По лесенке загрохотали подошвы Жаба.

— Эй, охотники! — позвал он. — Что‑то вы совсем приуныли. Вид у всех троих бледноватый.

— Загорать было некогда, — буркнула Рипли. — Что ты думаешь насчет пулеметов?

— Пулеметы — фигня. — Взводный уселся на броню перед нами и прикрыл рукой лицо от прожекторов. На нем была тяжелая перчатка для связи с Молчуньей. — На первой же минуте боя мы их подавим. Вот чего я на самом деле боюсь, так это сюрпризов. Так что всем надеть гарнитуры для связи. Это первое. Второе — акустика я от вас заберу.

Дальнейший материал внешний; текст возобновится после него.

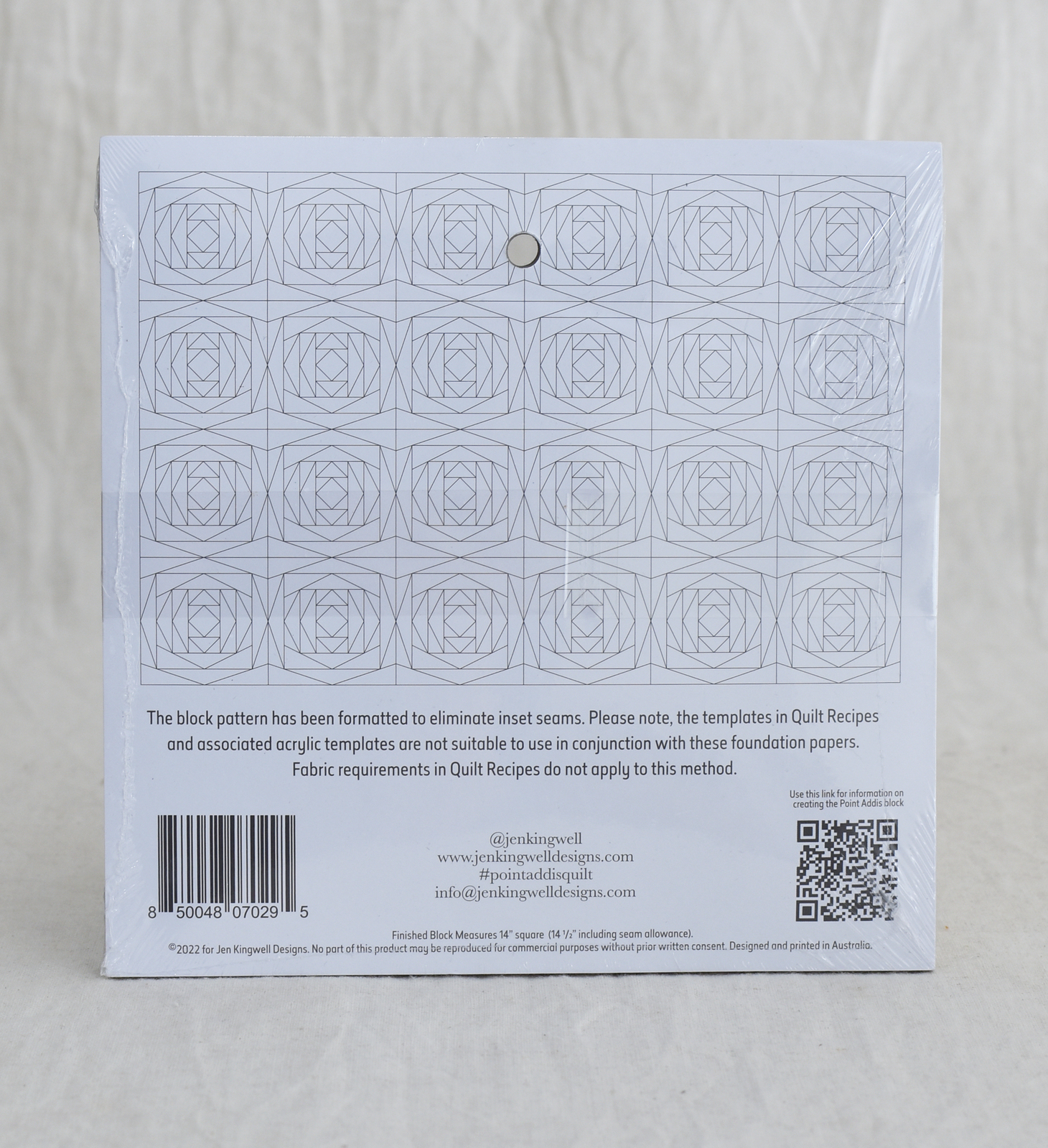 Een set foundation papers van Jen KIngwell Designs om het block Point Addis uit het boek Quilt Recipes te maken. Er zitten 30 sheets in een verpakking.
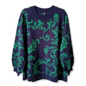 GILI Women Floral Sweater Jumper 2X Navy Blue Green Preppy Twee Classic NEW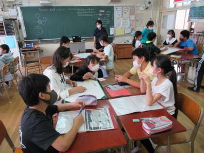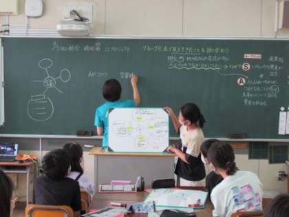 今日は6時間目に6年生の総合的な学習の時間の様子を先生方に見ていただきました。学習内容は、なぜ晴明南の町の住民同士のつながりを強くしていく必要があるのかについて、グループ内で意見を出し合い、全体で意見を交流しました。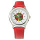 Assista com ilustração da cabeça de um pequeno dragão voador verde giro, em círculo vermelho, fantasia fofa / design de conto de fadas para crianças por Maxi Harmony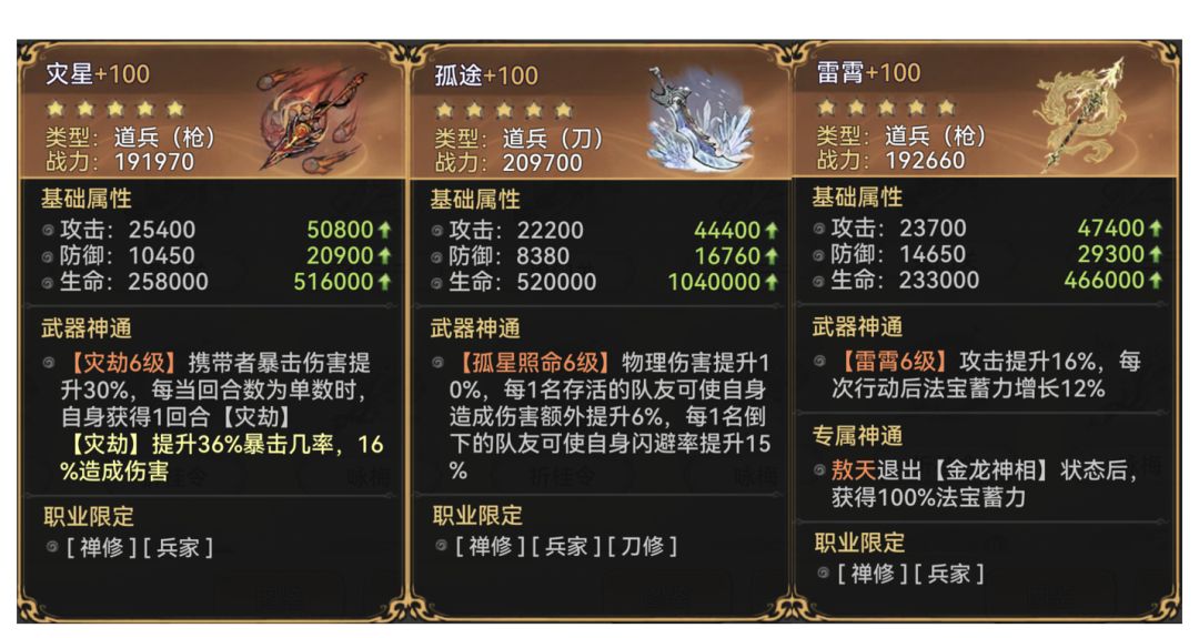 诠释暴力美学的道兵,神通只专注提升暴击伤害,纯粹却强力,而每个单数回合自动赋予的【灾劫】更是提供高额的暴击率和伤害加成,完美提升伤害上下限。职业限定虽然是【禅修】和【兵家】,但其实就是【兵家】的专属(因为禅修的输出靠的是防御力加成)。得益于战帖类功法【囚龙战典】、【煞刑战帖】、【刑天舞戚訣】的强势,任何对应天灵根兵修配上【灾星】绝对是 1+1>2 的存在(尤其是对于有 100% 暴击加成的【囚龙】),能很好地弥补兵家攻击力成长较低的缺陷。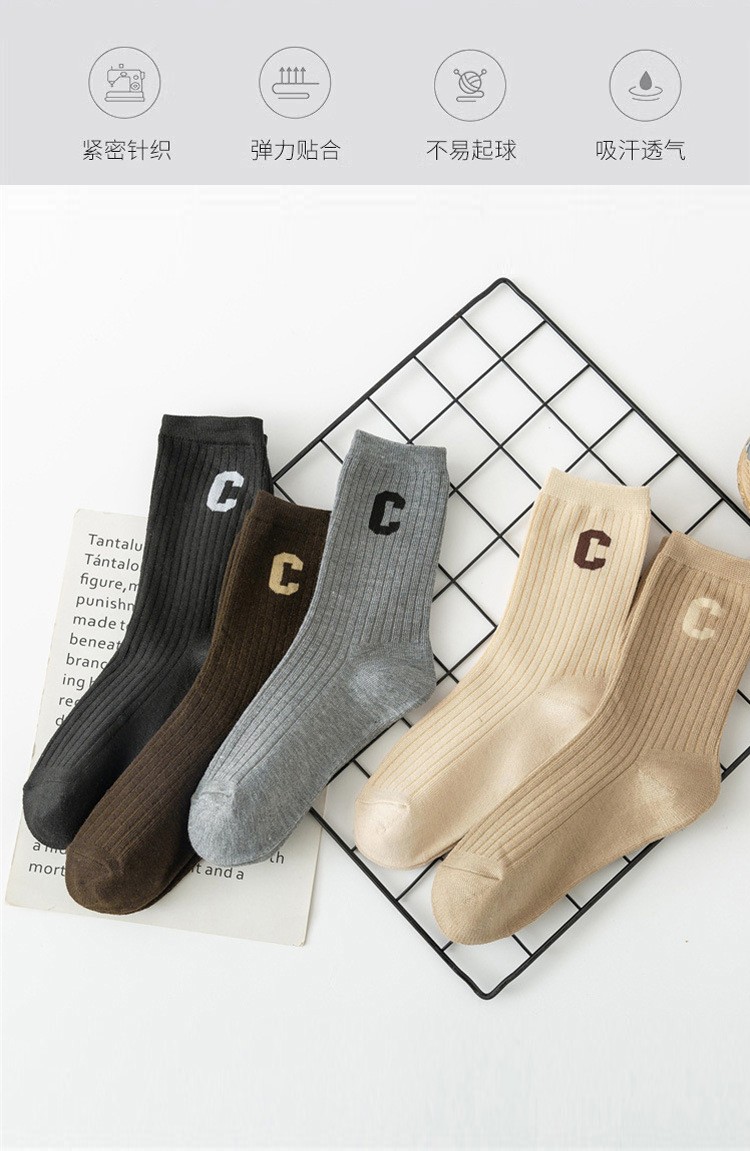 Cmierf Kuect(中国CK) 女款纯色字母条纹棉袜 CK-LWC-01 黑,棕色,粉色,灰色,绿 均码 下单备注颜色 新疆,西藏,宁夏,青海,内蒙古,甘肃,黑龙江,吉林,辽宁不发货

— Хочешь слушать металл? — понимающе кивнула начальница.

— Да, чтобы по нас не влупили из‑под палубы кумулятивным зарядом. Пойдем, Чистюля, будешь своими замечательными ушами прикрывать наши задницы.

Жаб увел Паса в кабину, и мы с Рипли остались одни.

“Хорошую работенку выхлопотал себе Пас, — подумал я не без зависти. — Ему теперь сидеть под броней, а мне с голой задницей под прицелом трех пулеметов”.

— Расслабься, — Рипли хлопнула меня по плечу. — Будешь думать только о пулеметах, крышу сорвет.

— А о чем еще можно думать? — насупился я, щурясь от света.

— Ну уж не знаю. Жрать не хочешь? — она достала из кармана штатный шоколадный батончик.

— Нет, спасибо.

— Не хочешь, как хочешь, — начальница развернула конфету и впилась в нее зубами. — Тогда рекомендую поспать, а через пару часов заступишь в дозор.

— Можно спуститься в отсек? — Я обрадовался, что хоть ненадолго прикроюсь броней.

— Щас! — фыркнула Рипли. — А меня тут пусть убивают? Здесь устраивайся и не бузи. Если что, я тебя толкну, только не ори спросонья, очень тебя прошу.

— Постараюсь.

Я вытащил из отсека два бушлата — на одном свернулся калачиком, как собака, другим прикрылся от ветра и слепящих прожекторов. Но сон не шел. Я думал о крещении, которое перло на меня из будущего со скоростью поезда. Сколько до него осталось? Час, два, три? Время протискивалось сквозь меня, как лаг — канат с узлами для измерения скорости, пространство набирало темп вместе с моим учащенным пульсом. Ветер позвякивал концами тросов по мачтам, и удары волн за бортом раздавались все чаще.

Так я промаялся два часа, пока Рипли не толкнула меня в бок.

— Подъем, охотник! — негромко сказала она. — Ты знаешь, что мы уже в океане?

— Как? — не поверил я собственным ушам.

Начальница сунула мне под нос циферблат хронометра, на котором высвечивались координаты глобальной спутниковой локализации.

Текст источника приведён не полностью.